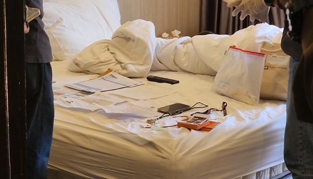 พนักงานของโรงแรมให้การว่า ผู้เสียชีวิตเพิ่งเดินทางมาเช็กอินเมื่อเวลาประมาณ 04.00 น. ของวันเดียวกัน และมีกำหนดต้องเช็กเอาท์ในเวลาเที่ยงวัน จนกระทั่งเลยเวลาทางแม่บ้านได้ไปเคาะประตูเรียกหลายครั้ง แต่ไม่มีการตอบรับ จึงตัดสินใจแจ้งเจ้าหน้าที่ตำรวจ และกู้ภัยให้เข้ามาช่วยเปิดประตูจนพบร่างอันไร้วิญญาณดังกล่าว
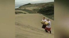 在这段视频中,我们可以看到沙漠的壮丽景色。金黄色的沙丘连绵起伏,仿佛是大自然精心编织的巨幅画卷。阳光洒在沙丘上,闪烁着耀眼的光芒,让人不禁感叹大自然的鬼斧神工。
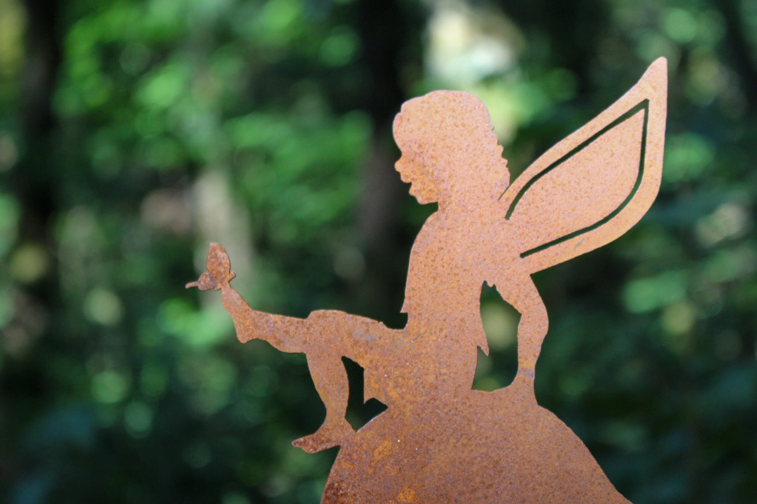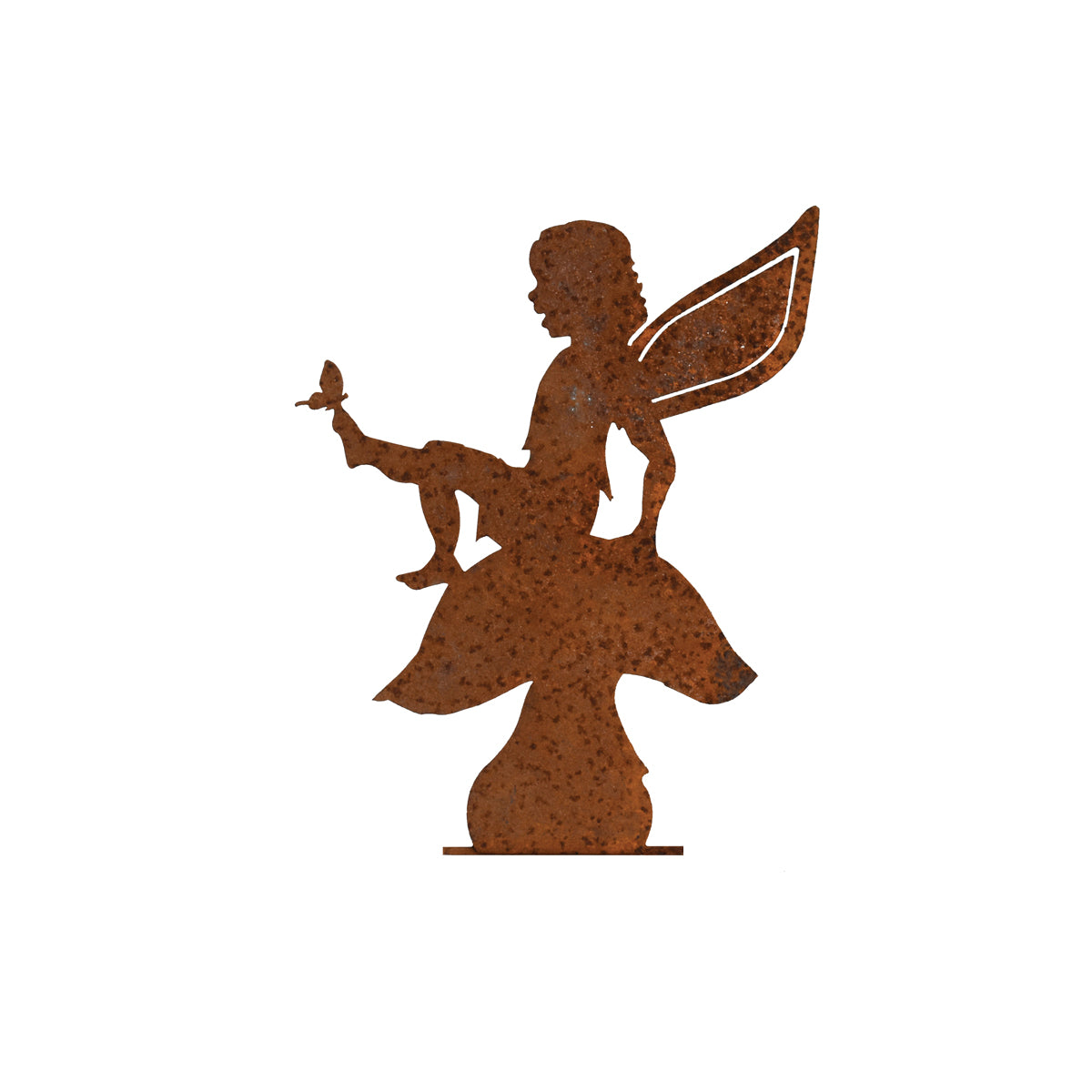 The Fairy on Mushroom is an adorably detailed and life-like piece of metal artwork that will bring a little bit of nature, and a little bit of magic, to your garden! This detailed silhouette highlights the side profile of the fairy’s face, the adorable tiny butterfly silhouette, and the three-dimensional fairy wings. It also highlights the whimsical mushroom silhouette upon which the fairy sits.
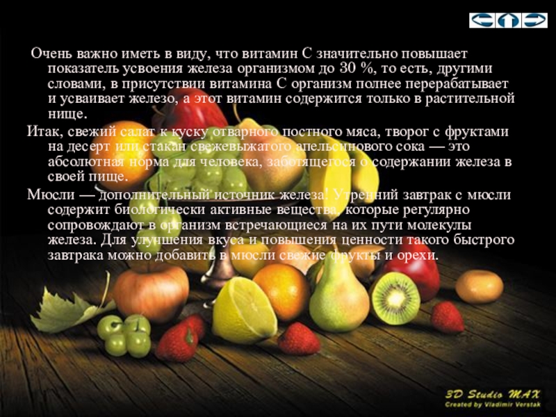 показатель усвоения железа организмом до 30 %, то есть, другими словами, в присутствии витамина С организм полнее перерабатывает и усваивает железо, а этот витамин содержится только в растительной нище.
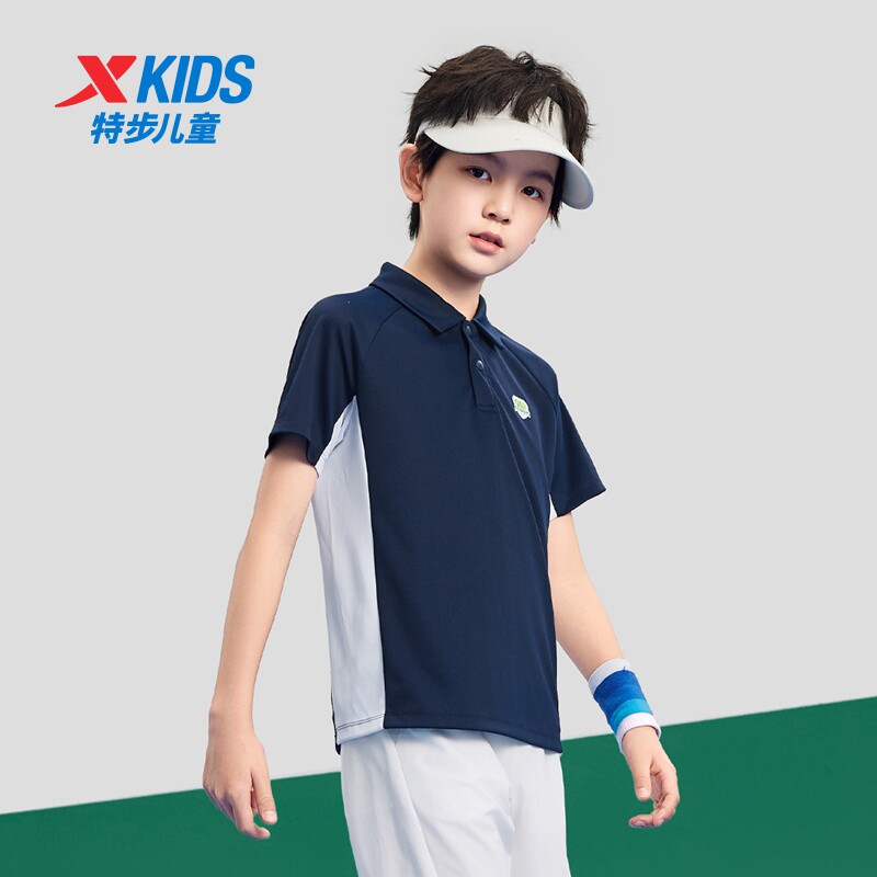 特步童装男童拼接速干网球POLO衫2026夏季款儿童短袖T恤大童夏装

--

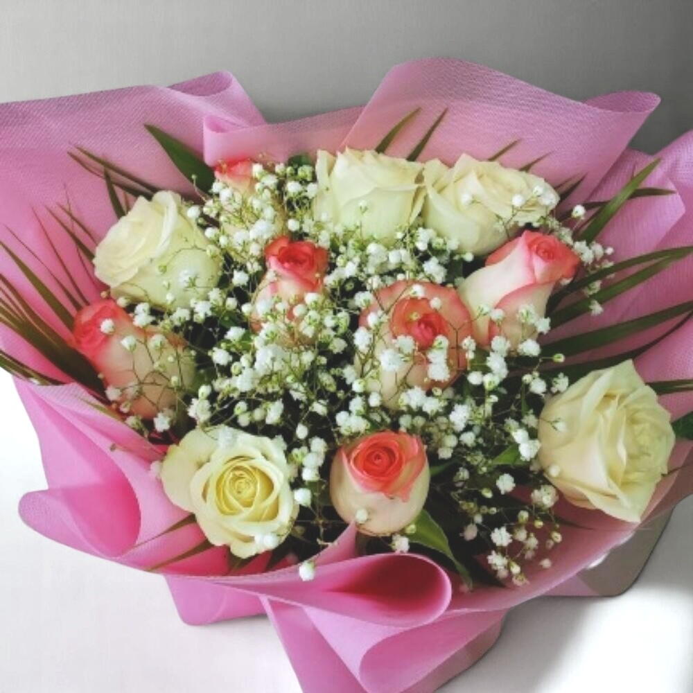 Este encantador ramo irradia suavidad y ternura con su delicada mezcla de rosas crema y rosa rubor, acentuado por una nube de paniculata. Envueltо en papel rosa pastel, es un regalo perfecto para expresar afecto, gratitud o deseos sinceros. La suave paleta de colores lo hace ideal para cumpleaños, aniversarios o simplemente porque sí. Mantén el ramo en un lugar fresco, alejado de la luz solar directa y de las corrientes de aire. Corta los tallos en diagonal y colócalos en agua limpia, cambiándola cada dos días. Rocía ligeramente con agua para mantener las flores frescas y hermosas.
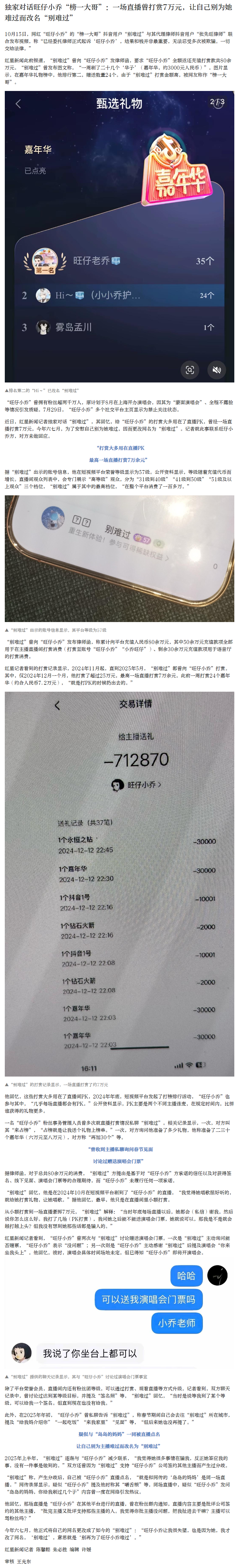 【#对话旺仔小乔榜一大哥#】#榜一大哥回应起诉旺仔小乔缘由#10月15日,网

--

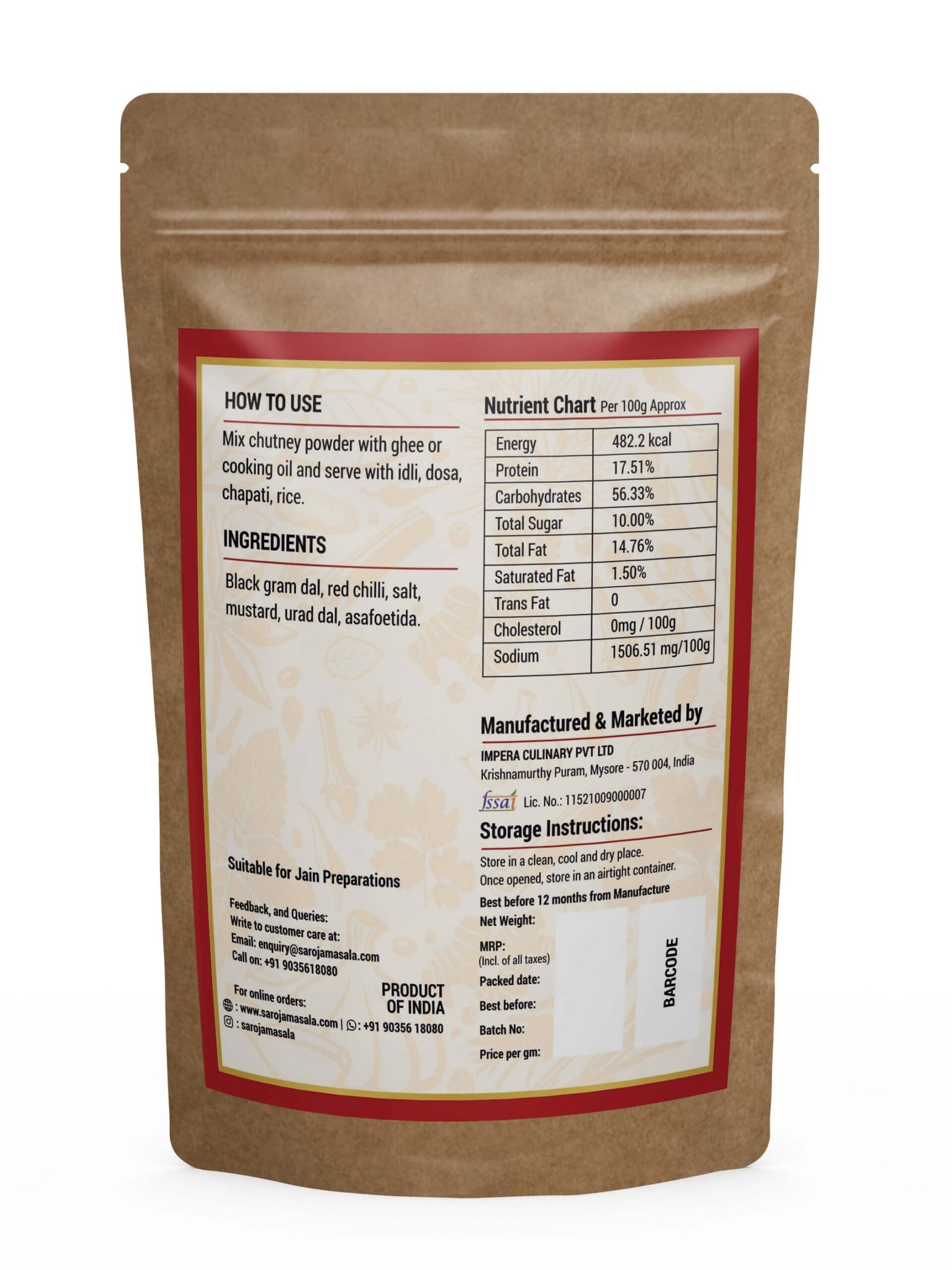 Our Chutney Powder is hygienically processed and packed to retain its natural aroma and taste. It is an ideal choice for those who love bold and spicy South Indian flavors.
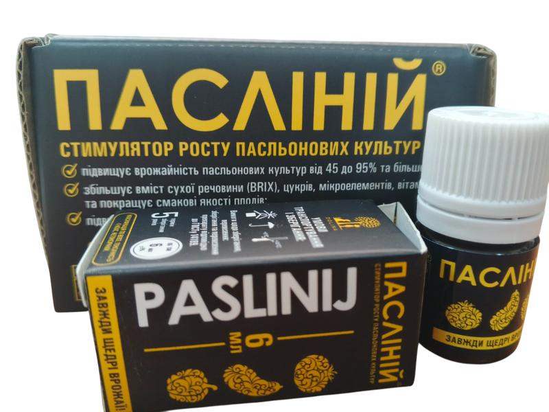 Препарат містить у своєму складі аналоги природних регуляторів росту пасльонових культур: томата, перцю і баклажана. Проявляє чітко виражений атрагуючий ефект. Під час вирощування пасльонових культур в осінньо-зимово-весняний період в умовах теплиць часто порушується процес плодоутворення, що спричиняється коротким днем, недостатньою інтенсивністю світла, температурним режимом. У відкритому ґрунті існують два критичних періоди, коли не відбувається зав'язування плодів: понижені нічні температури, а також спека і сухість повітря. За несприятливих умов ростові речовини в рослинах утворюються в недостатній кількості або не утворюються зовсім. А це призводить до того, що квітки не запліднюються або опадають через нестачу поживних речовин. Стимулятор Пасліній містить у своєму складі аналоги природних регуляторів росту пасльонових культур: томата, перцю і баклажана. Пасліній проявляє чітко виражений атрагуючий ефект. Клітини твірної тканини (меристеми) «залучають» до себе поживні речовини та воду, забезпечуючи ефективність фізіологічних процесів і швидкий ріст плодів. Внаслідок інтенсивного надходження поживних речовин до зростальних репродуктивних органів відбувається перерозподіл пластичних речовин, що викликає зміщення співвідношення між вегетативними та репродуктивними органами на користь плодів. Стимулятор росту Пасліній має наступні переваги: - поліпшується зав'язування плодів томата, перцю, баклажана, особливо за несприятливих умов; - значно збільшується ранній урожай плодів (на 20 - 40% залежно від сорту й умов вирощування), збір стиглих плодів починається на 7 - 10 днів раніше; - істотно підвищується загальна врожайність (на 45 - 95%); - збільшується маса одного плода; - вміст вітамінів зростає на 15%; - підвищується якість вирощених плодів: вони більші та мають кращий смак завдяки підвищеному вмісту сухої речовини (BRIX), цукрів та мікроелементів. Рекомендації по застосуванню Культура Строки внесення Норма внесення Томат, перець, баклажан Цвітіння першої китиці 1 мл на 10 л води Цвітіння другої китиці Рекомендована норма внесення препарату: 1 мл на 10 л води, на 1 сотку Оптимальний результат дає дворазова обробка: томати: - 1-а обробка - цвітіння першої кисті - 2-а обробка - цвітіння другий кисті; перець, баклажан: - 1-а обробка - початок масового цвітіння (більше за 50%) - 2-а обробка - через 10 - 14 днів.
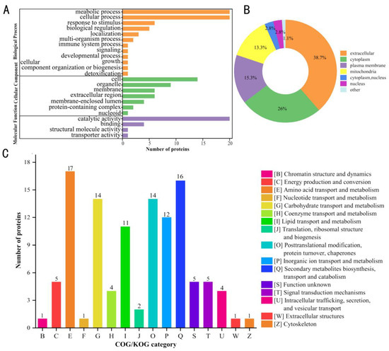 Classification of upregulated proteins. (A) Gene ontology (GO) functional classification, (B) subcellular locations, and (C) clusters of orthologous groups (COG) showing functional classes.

◆ **TASK DETAILS**:
From the line with "показатель усвоения железа" up to and including the line with "特步童装男童拼接速干网球POLO衫2026夏季款儿童短袖T恤大童夏装" above, retype every line exactly and nothing more; leave out the pictures.

◆ **EXERCISE OUTPUT**:
 показатель усвоения железа организмом до 30 %, то есть, другими словами, в присутствии витамина С организм полнее перерабатывает и усваивает железо, а этот витамин содержится только в растительной нище.
 特步童装男童拼接速干网球POLO衫2026夏季款儿童短袖T恤大童夏装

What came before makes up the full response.